An ion channel is an integral membrane protein or more typically an assembly of several proteins. Such "multi-subunit" assemblies usually involve a circular arrangement of identical or related proteins closely packed around a water-filled pore through the plane of the membrane or lipid bilayer. While large-pore channels permit the passage of ions more or less indiscriminately, the archetypal channel pore is just one or two atoms wide at its narrowest point, it conducts a specific species of ion, such as sodium or potassium, and conveys them through the membrane single file--nearly as fast as the ions move through free fluid. Access to the pore is governed by "gates," which may be opened or closed by chemical or electrical signals, or mechanical force, depending on the variety of channel.
Because "voltage-gated" channels underlie the nerve impulse and because "transmitter-gated" channels mediate conduction across the synapses, channels are especially prominent components of the nervous system. Indeed, most of the offensive and defensive toxins that organisms have evolved for shutting down the nervous systems of predators and prey (e.g. the venoms produced by spiders, scorpions, snakes, fish, bees, sea snails and others) work by plugging ion channel pores. But ion channels figure in a wide variety of biological processes that involve rapid changes in cells. In the search for any drug, ion channels are a favorite target.
cyclic nucleotide-gated channels, Calcium-activated channels and others open in response to internal solutes and mediate cellular responses to second messengers.
Stretch-activated channels open or close in response to mechanical forces that arise from local stretching or compression of the membrane around them; for example when their cells swell or shrink. Such channels are believed to underlie touch sensation and the transduction of acoustic vibrations into the sensation of sound.
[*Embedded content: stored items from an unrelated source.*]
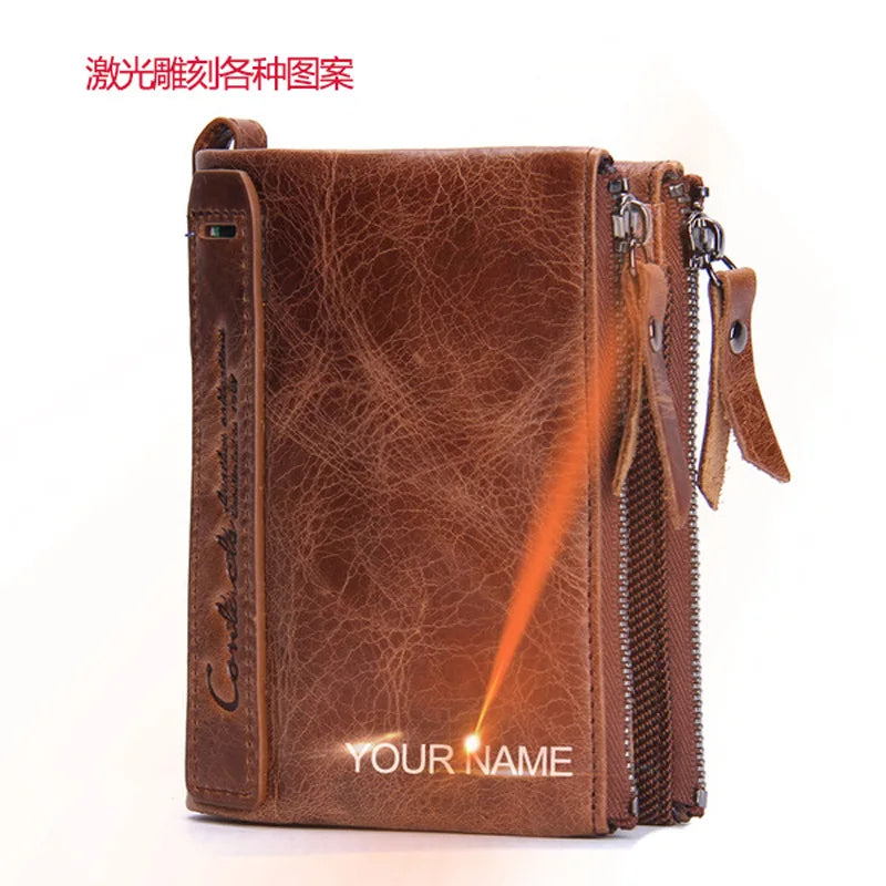 Stay organized with this elegant short zero purse made of crazy horse leather. Features double zippers for extra security.
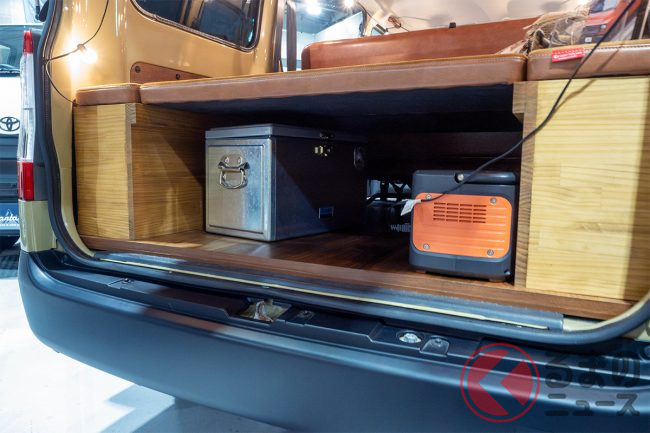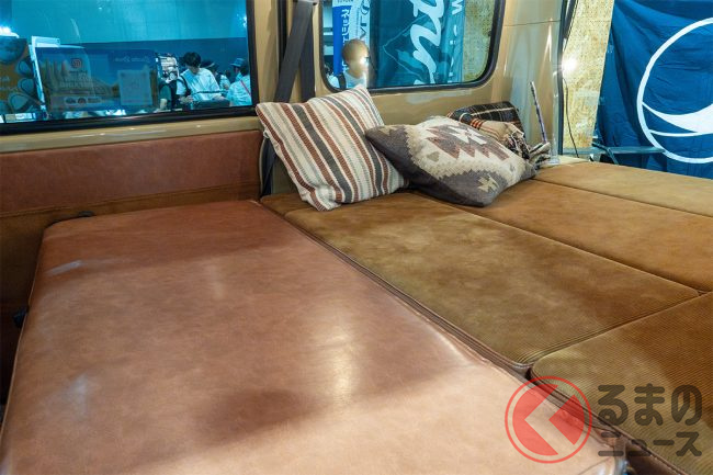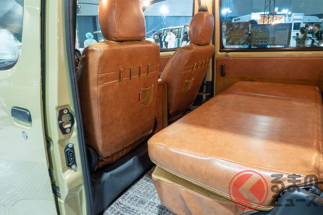 内装には、上品なブラウンのシートカバーやラゲッジのベッドキット、木目のカーゴパネルなどを装着し、外装同様にオシャレな仕上がりで、楽しく車中泊が楽しめそうです。
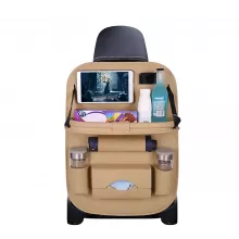 Use our battle tested marketing materials for Premium Car Seat Back Organizer with Foldable Table Tray - PU Leather Storage and Kick Mat
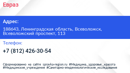 Евраз по адресу 188643, Ленинградская область, Всеволожск, Всеволожский проспект, 113 в дальнейшем Организация, размещена в следующих категориях:
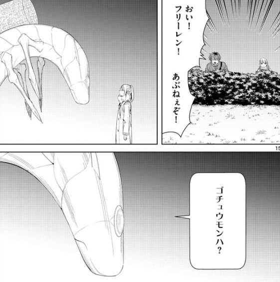 ゴーレムの様子を見ていたフリーレンは、なるほどそういうことか、とつぶやくと、ゴーレムに近づいていきます。シュタルクが危ないと叫びますが、ゴーレムに近づいたフリーレンにゴーレムは攻撃することなく、ゴチュウモンハ?と、ゴーレムが話しかけてきます。
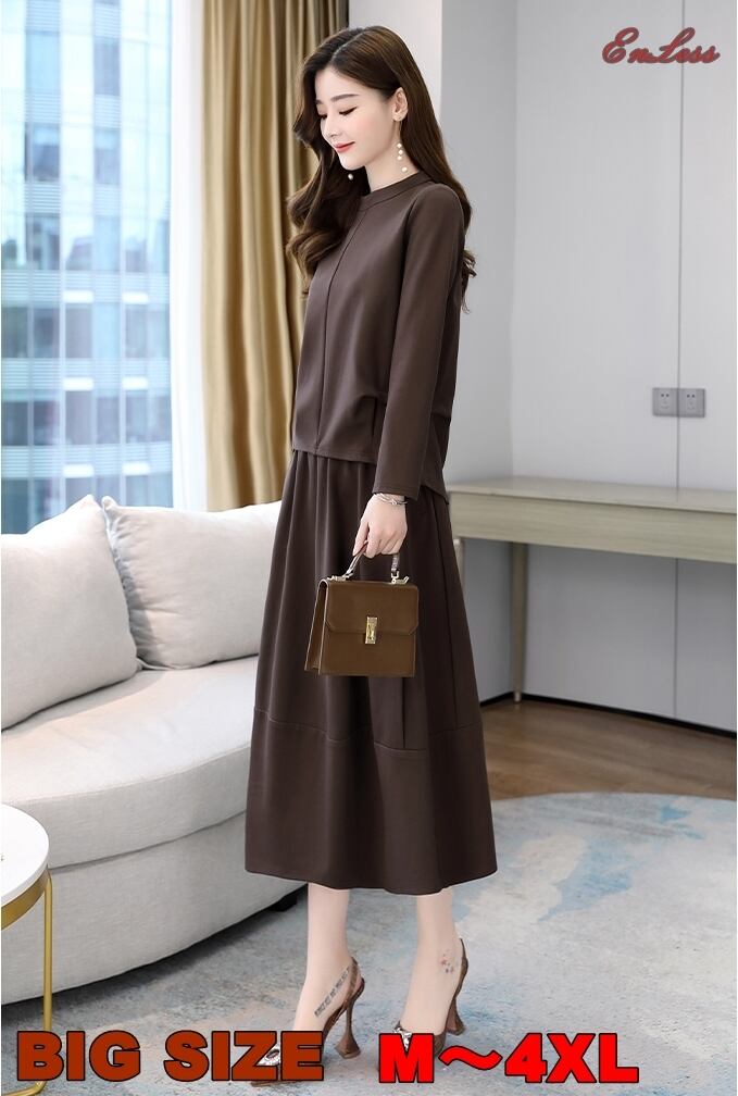 【 M 〜 4XL 】 大きいサイズ カジュアル 2ピース トップス スカート ドレス ファッショナブル レディース スーツ 3XL 2XL XL 71075
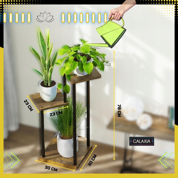 ➡️ Унікальний дует довговічності та стилю! Стійкий металевий каркас підставки для квітів GALAXIA™ поєднується з натуральними дерев’яними полицями, створюючи гармонійну композицію сучасного дизайну та класичної елегантності. Метал забезпечує довговічність, а дерево додає тепло і затишок будь-якому інтер'єру.
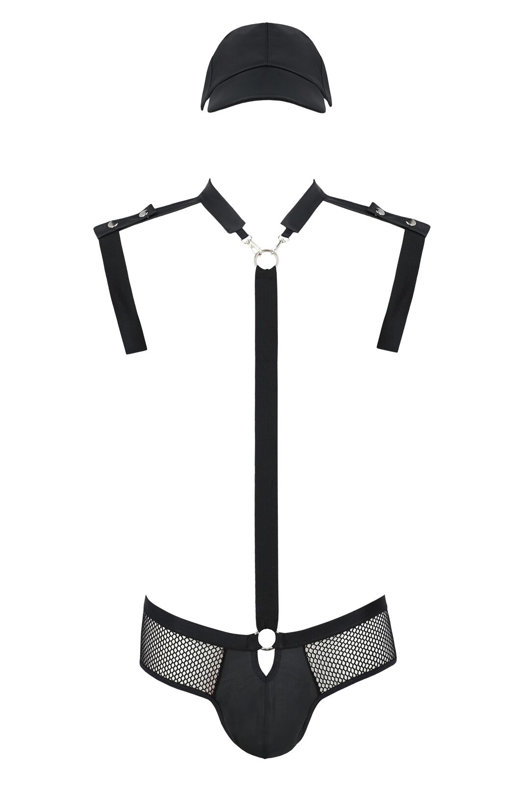Цей стильний комплект, пошитий з м’якої екошкіри й широких резинок, оцінять прихильники сексуальних ігор і любовних пригод. Трусики-сліпи виконані з екошкіри та сітки, сідниці відкриті. М’якенькі ремені красиво лягають на тіло, підкреслюючи мужність і пристрасність, а псевдопогони та кепка навіюють думки про сильного поліцейського. А ось кнопки, кільця й карабіни нагадують, що сильний поліцейський може бути ще й надзвичайно сексуальним.
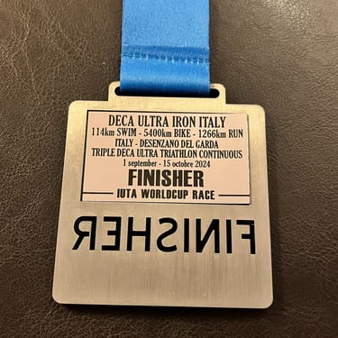 2024m. "Triple Deca cont. Ultra Triathlon" (Italija) 114km + 5400km + 1266km (926h.39min./38,5paros) 4 vieta
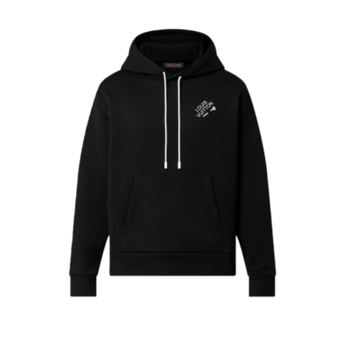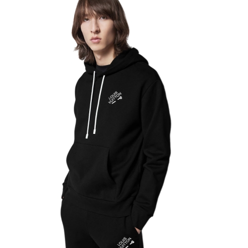 This smart hoodie is made from brushed back cotton felpa and has a lined hood, kangaroo pocket and a ribbed bottom hem and cuffs. It features one of this season’s iconic colors, set off by contrasting white cords and an embroidered white Louis Vuitton signature on the chest, underlined by a matching staple pin.
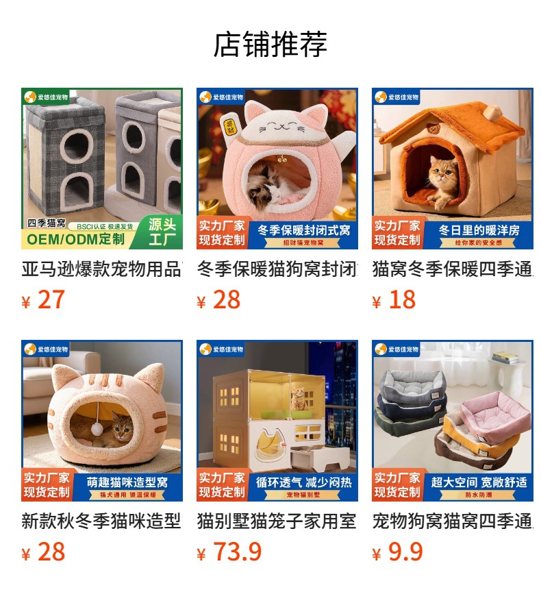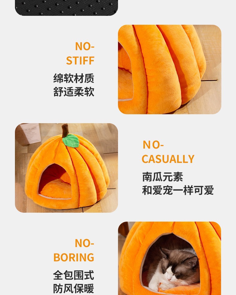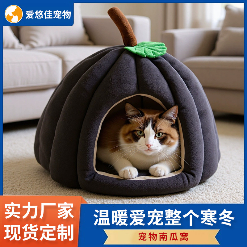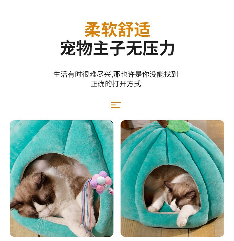 가을 겨울용 두꺼운 보온 반폐쇄형 애완동물 침대, 탈부착 및 세탁 가능, 고양이와 강아지 모두 사용 가능, 사계절용 고양이 침대 및 강아지 침대 매트스토어 가기
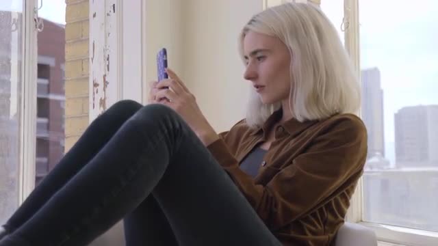 Steadicam shot of a young man using professional camera indoor to make cityscape photos or shoot video through the window on a sunny day
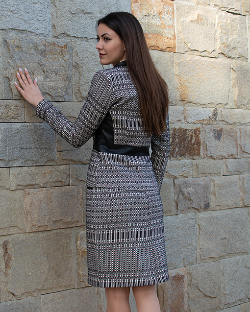 Стилно дамско сако, изработено от висококачествен памучен жакард. С пластрон и кожено коланче, което придава завършен вид.
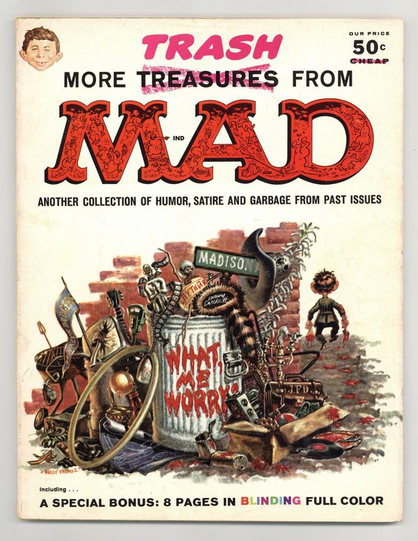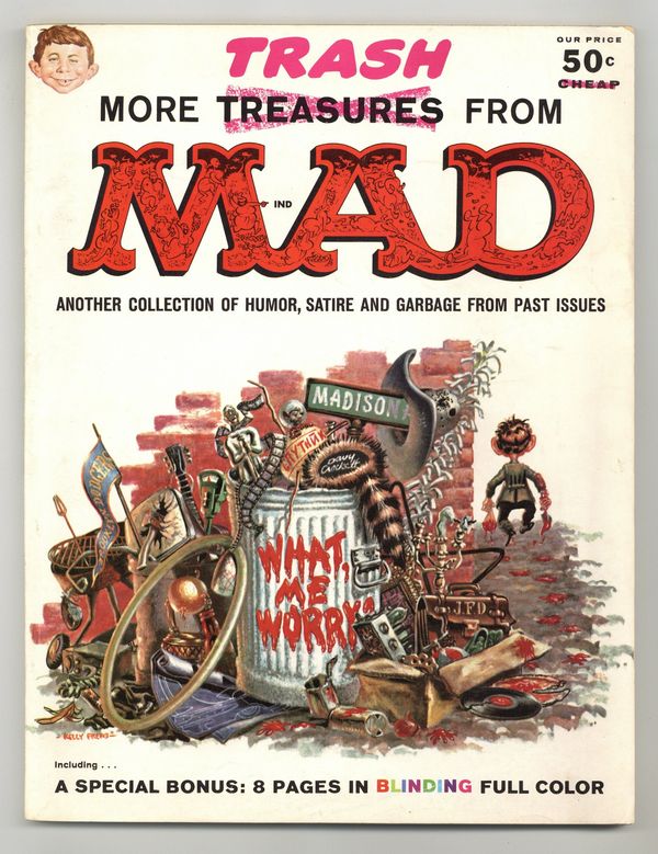 COMPLETE WITH BONUS: 8-pg. color insert/reprint from Mad comic #20. Reprints. Painted cover art by Kelly Freas. "I Don't Want To Be A King," art by Kelly Freas; Phony ad for Kings Man liquors. "Gunsmoked," art by Jack Davis; Parody of TV show "Gunsmoke." "A Collection of Daily Strips," art by Bill Elder; parodies of popular comic strips. "The Race Is On For The Super Guided Missile," script by Al Jaffee, art by Al Jaffee, Jack Davis, and Wally Wood; Shows various parts of the space race between the US and USSR, with ultimate consequences of missile use. "Future TV Ad," script and art by Don Martin; Phony ad storyboard for Schveppes Activated Sparkling Seltzer. "Orson Bean's The Two Chinese Fellas Who Go To An American Restaurant Routine," script by Orson Bean, art by Wally Wood; Illustrated comedy routine that reverses cliches about Chinese restaurants and people. "Field & Scream," art by Jack Davis; Excerpts from hunters' magazine, including some phony ads. "Kovacs' Strangely Believe It!", script by Ernie Kovacs, art by Wally Wood; Parody of "Ripley's Believe It Or Not!" "The Truth About Cowboys," script by Henry Morgan, art by Wally Wood; Discussion of historically accurate cowboys. "New Designs In Television Sets," art by Jack Davis. "MAD Establishes An...Old Comic-Strip Characters' Home," art by Wally Wood. "The Steve Allan Story," art by Bob Clarke; Parody of TV's Steve Allen Show. "Mr. Science," art by Mort Drucker; Mr. Science performs a simple experiment with a light bulb and nearly burns down the studio. "Modern Furniture," art by Dave Berg. "Katchandhammer Kids!", script by Harvey Kurtzman, art by Will Elder; A parody of the Katzenjammer Kids comic strip. "The Night People" vs. "Creeping Meatballism", script by Jean Shepherd, art by Wally Wood. "Wrestling," art by Jack Davis; A humorous look at professional wrestling matches, using all the stereotypes in the sport. "Free Fall Ferris," script by Jerry DeFuccio, art by Wallace Wood; Story about a mouse who becomes a U.S. astronaut. "Wedding Album," art by Wally Wood (as Wally Balloo); Typical wedding pictures contrasted with pictures of the same couple six months later. 108 pgs., B&W. Cover price $0.50.
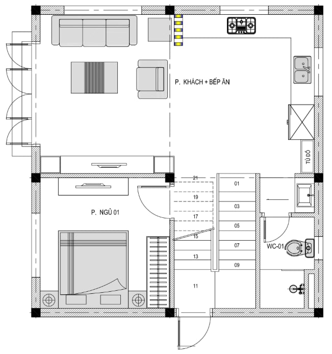 + Tầng 1: Phòng khách + Phòng bếp + 1 Phòng ngủ + WC
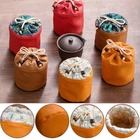 Portable Travel Teaware Storage Pouch Collect Teapot Teacup Antique Jewelry Bag Material: Satin+Leather Extra Protection of Teaware : Nice tea cups storage bag for outdoor trip and an excellent gift for your friends, easy to carry and store teapot and teacups. When you use a cup, you can use the package to hold other things Special Design : Drawstring closure: the closure can be fastened with a drawstring, easy to use, and very beautiful. Package include : 1 x Teacup Bag Notice: 1. Due to lighting, display and other reasons, the color of the real object may be different from the picture, please understand. 2. Since the size is measured manually, please allow errors.
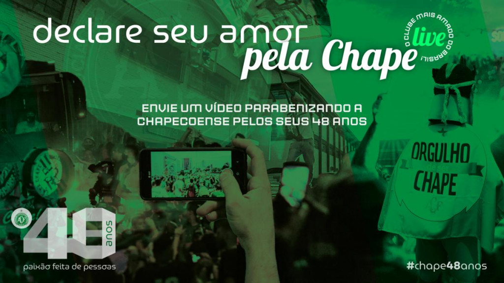 No próximo dia 10 de maio, a Associação Chapecoense de Futebol, através dos seus Departamentos de Marketing e Comunicação, realizará uma live especial em comemoração ao seu aniversário de 48 anos. O evento também contará com a apresentação dos novos uniformes do clube para a temporada 2021 e com uma série de conteúdos especiais.
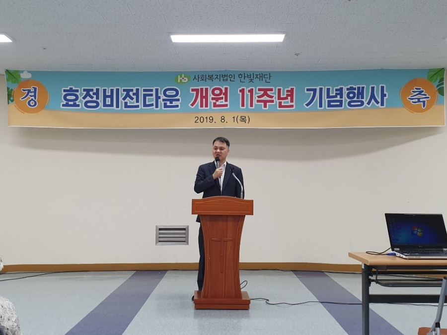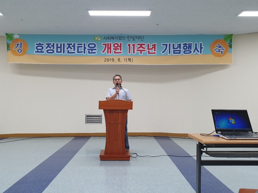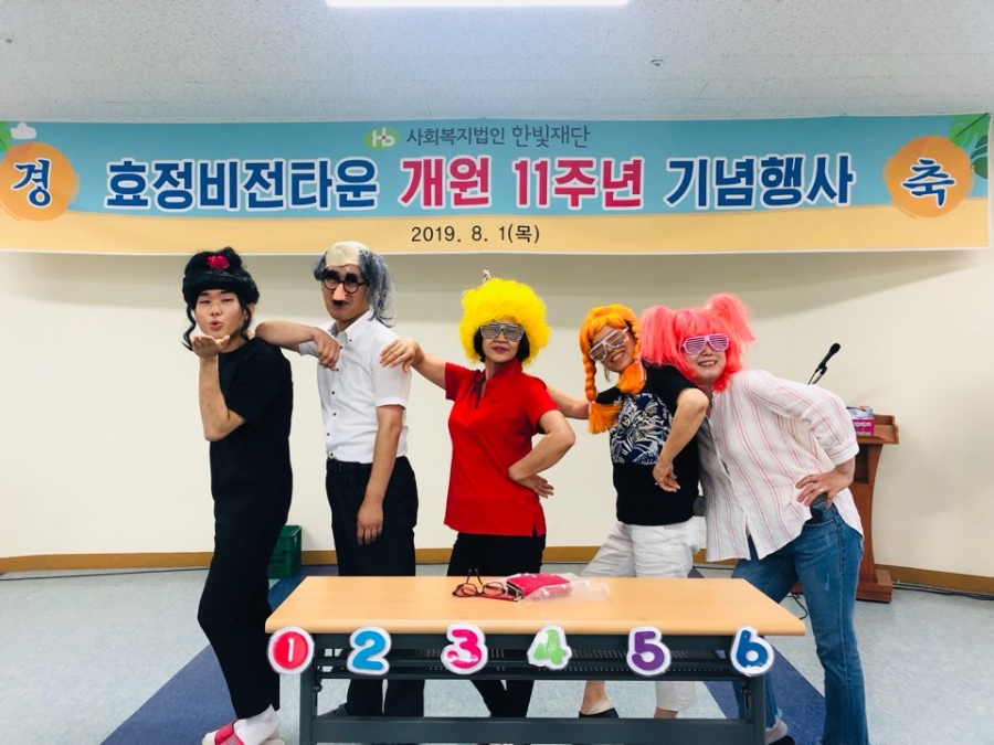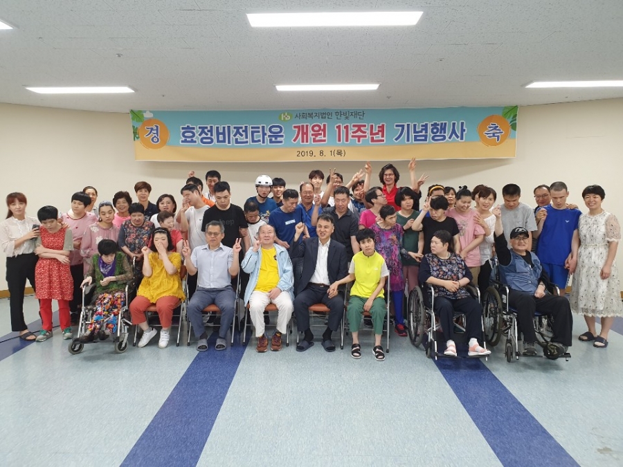 효정비전타운 개원 11주년 기념행사를 기념식, 기념특식(외식), 한마음 레크리에이션, 지역사회 나눔물품 전달로 진행했습니다.  효정 이용자분들과 직원, 한빛재단 이사장님, 한빛 맹아원 원장님등 효정 관계자분들이 한자리에 모여 본원의 설립목적을 되돌아보고 모두 한마음으로 축하는 뜻 깊은 시간이었어요^^
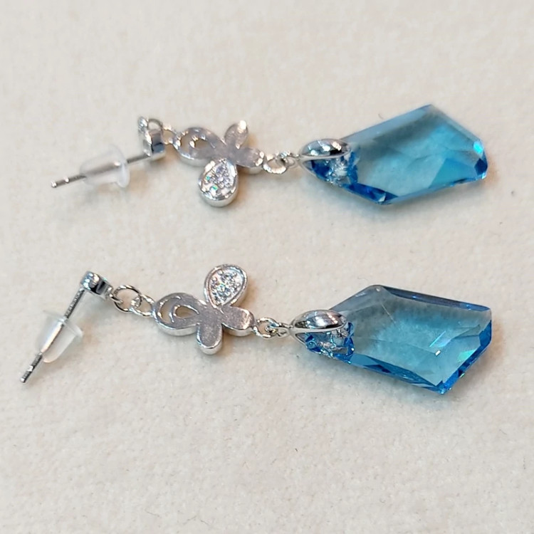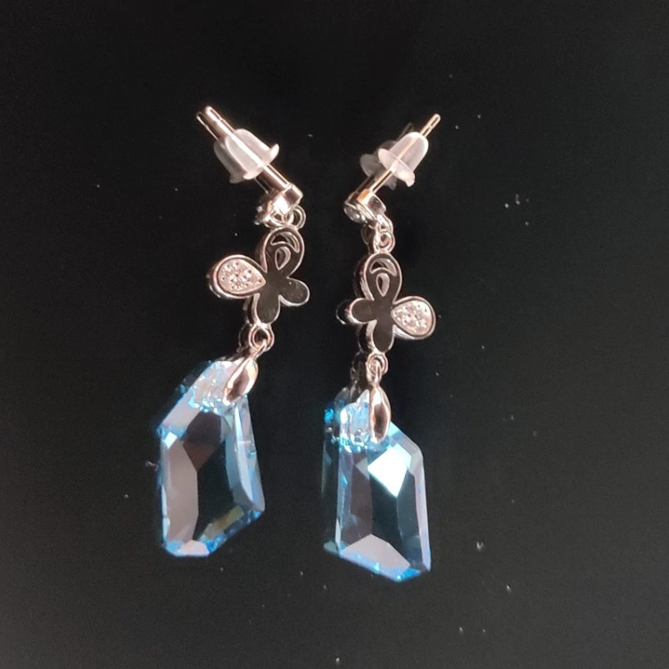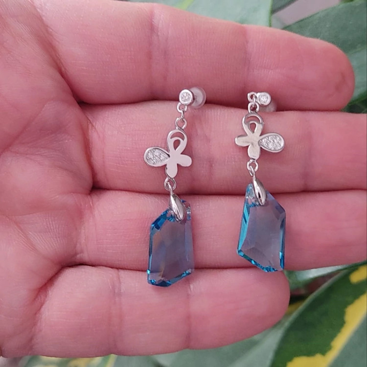 گوشواره آویز نقره با نگین سوارسکی (پس کرایه)

Certain channels respond to multiple influences. For instance, the NMDA receptor is partially activated by interaction with its ligand, glutamate, but is also votage-sensitive and only conducts when the membrane is depolarized. Some calcium-sensitive potassium channels respond to both calcium and depolarization, with an excess of one apparently being suffient to overcome an absence of the other.
Because of their small size and the difficulty of crystallizing integral membrane proteins for X-ray analysis, it is only very recently that scientists have been able to directly examine what channels "look like." Particularly in cases where the crystallography required removing channels from their membranes with detergent, many researchers regard images that have been obtained as tentative. An example is the long-awaited crystal structure of a voltage-gated potassium channel, which was reported in May 2003. One inevitable ambiguity about these structures relates to the strong evidence that channels change conformation as they operate (they open and close, for example), such that the structure in the crystal could represent any one of these operational states. Most of what researchers have deduced about channel operation so far they have established through electrophysiology, biochemistry, gene sequence comparison and mutagenesis.
The existence of ion channels was hypothesized by the British biophysicistssAlan Hodgkin and Andrew Huxley as part of their Nobel Prize-winning theory of the nerve impulse, published in 1952. Channel's existence was confirmed in the 1970s with an electrical recording technique known as the "patch clamp," which led to a Nobel Prize to Erwin Neher and Bert Sakmann, the technique's inventors. Hundreds if not thousands of researchers continue to pursue a more detailed understanding of how these enzymes work.